> [The records]:
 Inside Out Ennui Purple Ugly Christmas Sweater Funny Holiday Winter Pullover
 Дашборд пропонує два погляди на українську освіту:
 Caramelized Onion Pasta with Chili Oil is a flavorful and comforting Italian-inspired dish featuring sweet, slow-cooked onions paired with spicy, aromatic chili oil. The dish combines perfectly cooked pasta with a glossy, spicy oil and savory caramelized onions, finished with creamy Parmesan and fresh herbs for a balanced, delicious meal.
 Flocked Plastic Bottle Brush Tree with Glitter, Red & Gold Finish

* * *

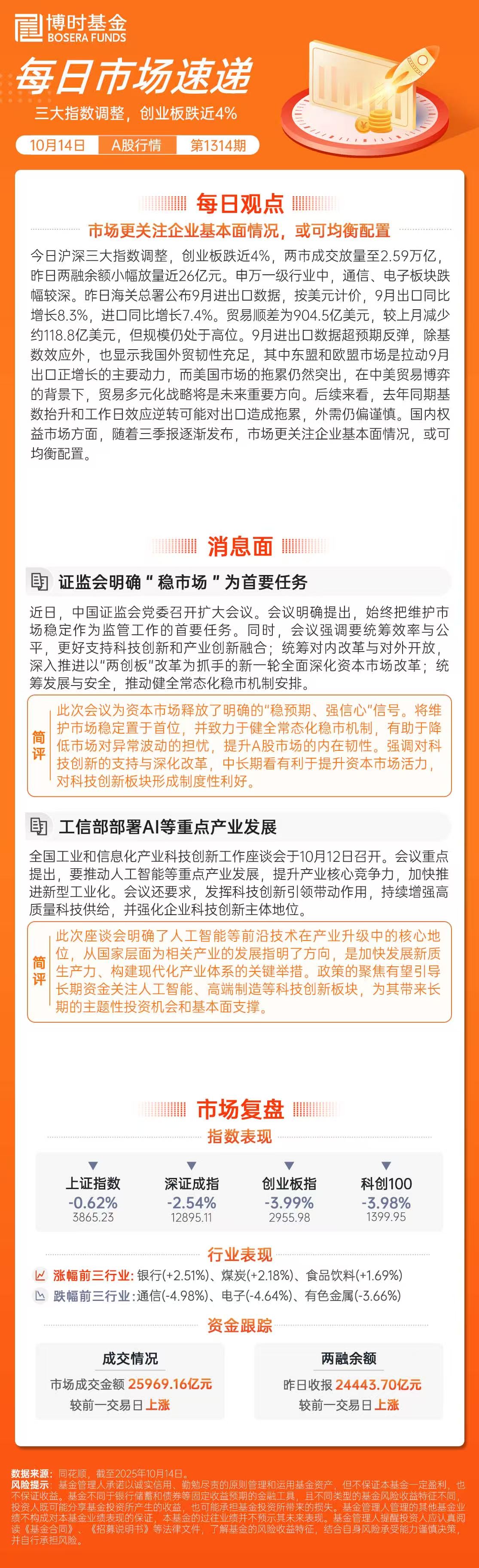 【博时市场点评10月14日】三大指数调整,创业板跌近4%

> [Task description]: How many lines of the listing hold the string "with"? Give the number alone.

> [Response to the exercise]: 2